With the pictures removed, write out the full listing below exactly.

*** Opening Exercise inputs ***

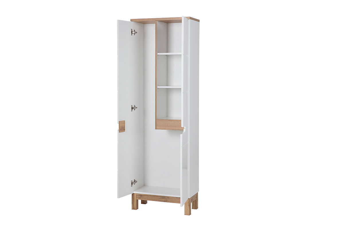 Vysoká skrinka s tromi dverami a štyrmi úložnými priestormi. .. viac
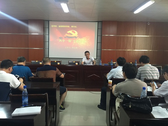 6月22日下午,正校级督导邹长城在设计与艺术学院二楼会议室为继续教育学院、医学院、期刊社三个部门的全体党员讲授 “两学一做”学习教育专题党课。
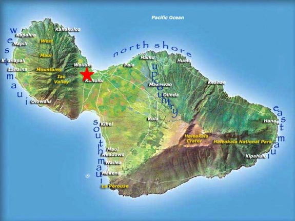 (マウイ島の地図。赤星がhappy valleyの位置)
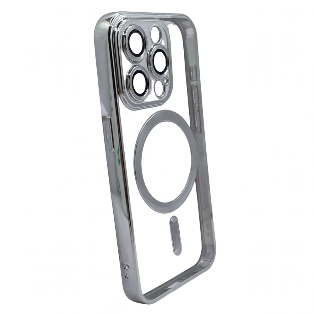 Protege tu iPhone 15 con esta funda que combina un diseño elegante con tecnología avanzada. Su estructura transparente de alta calidad permite lucir el color original de tu dispositivo, mientras que el distintivo borde metálico y el anillo MagSafe le confieren un toque de modernidad y sofisticación. Es el accesorio perfecto para quienes buscan una protección robusta sin sacrificar la funcionalidad y el estilo.
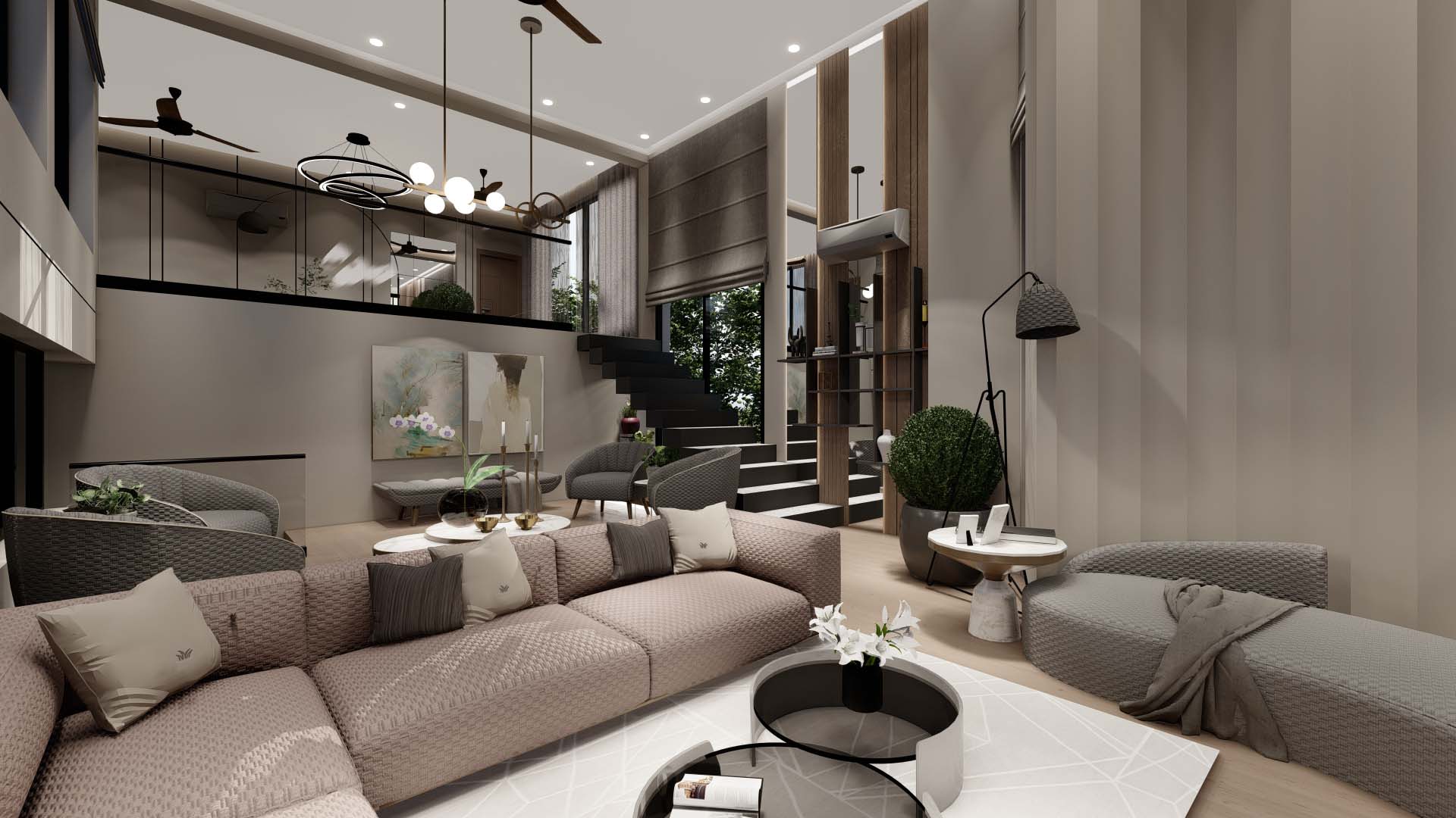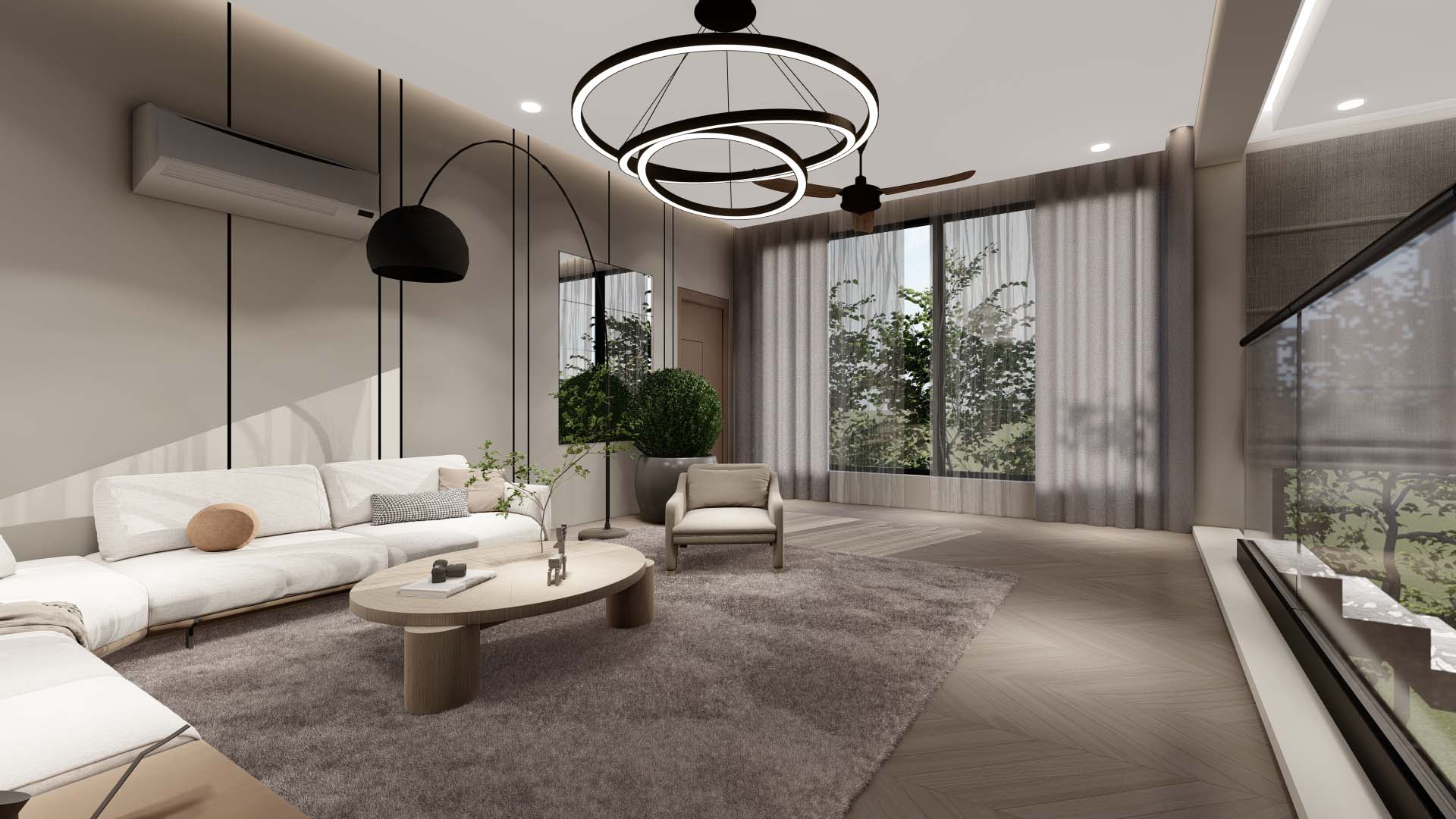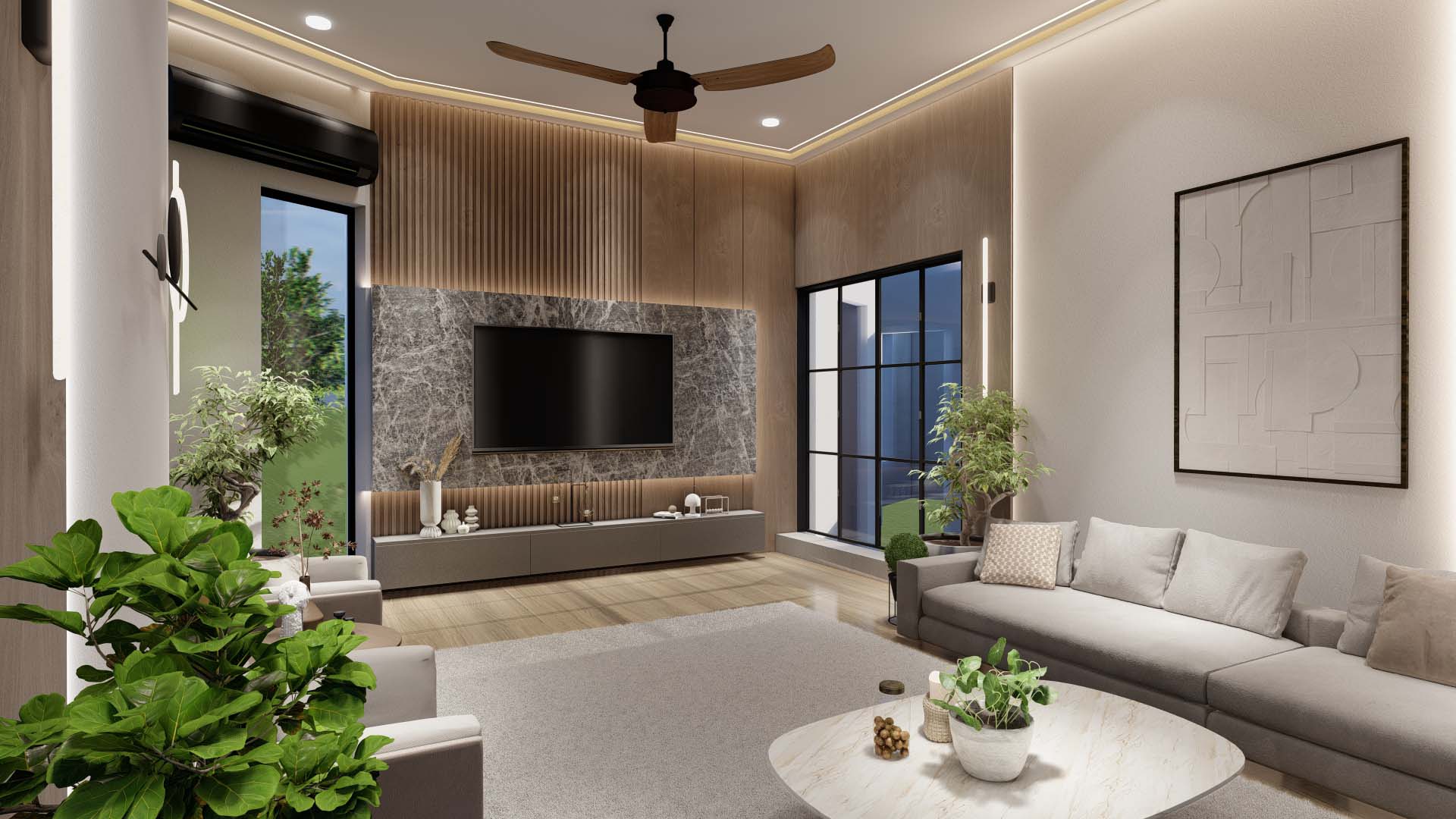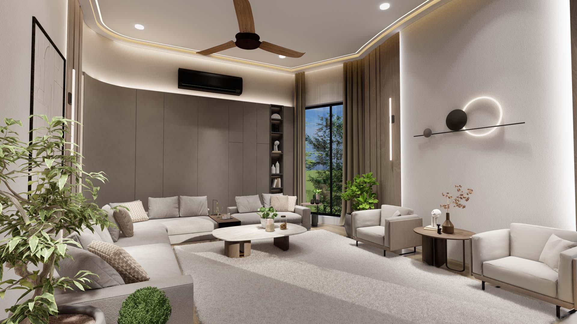 This 1 Kanal interior project features a modern minimalist living room with a soothing neutral palette of beige, grey, and warm wood textures. The blend of marble finishes, sleek lighting, and natural greenery brings elegance and calm to the space. With its refined details and open layout, it defines luxury contemporary living in Islamabad.

*** Closing Exercise inputs ***

Exercise solution:
 Vysoká skrinka s tromi dverami a štyrmi úložnými priestormi. .. viac
 6月22日下午,正校级督导邹长城在设计与艺术学院二楼会议室为继续教育学院、医学院、期刊社三个部门的全体党员讲授 “两学一做”学习教育专题党课。
 (マウイ島の地図。赤星がhappy valleyの位置)
 Protege tu iPhone 15 con esta funda que combina un diseño elegante con tecnología avanzada. Su estructura transparente de alta calidad permite lucir el color original de tu dispositivo, mientras que el distintivo borde metálico y el anillo MagSafe le confieren un toque de modernidad y sofisticación. Es el accesorio perfecto para quienes buscan una protección robusta sin sacrificar la funcionalidad y el estilo.
 This 1 Kanal interior project features a modern minimalist living room with a soothing neutral palette of beige, grey, and warm wood textures. The blend of marble finishes, sleek lighting, and natural greenery brings elegance and calm to the space. With its refined details and open layout, it defines luxury contemporary living in Islamabad.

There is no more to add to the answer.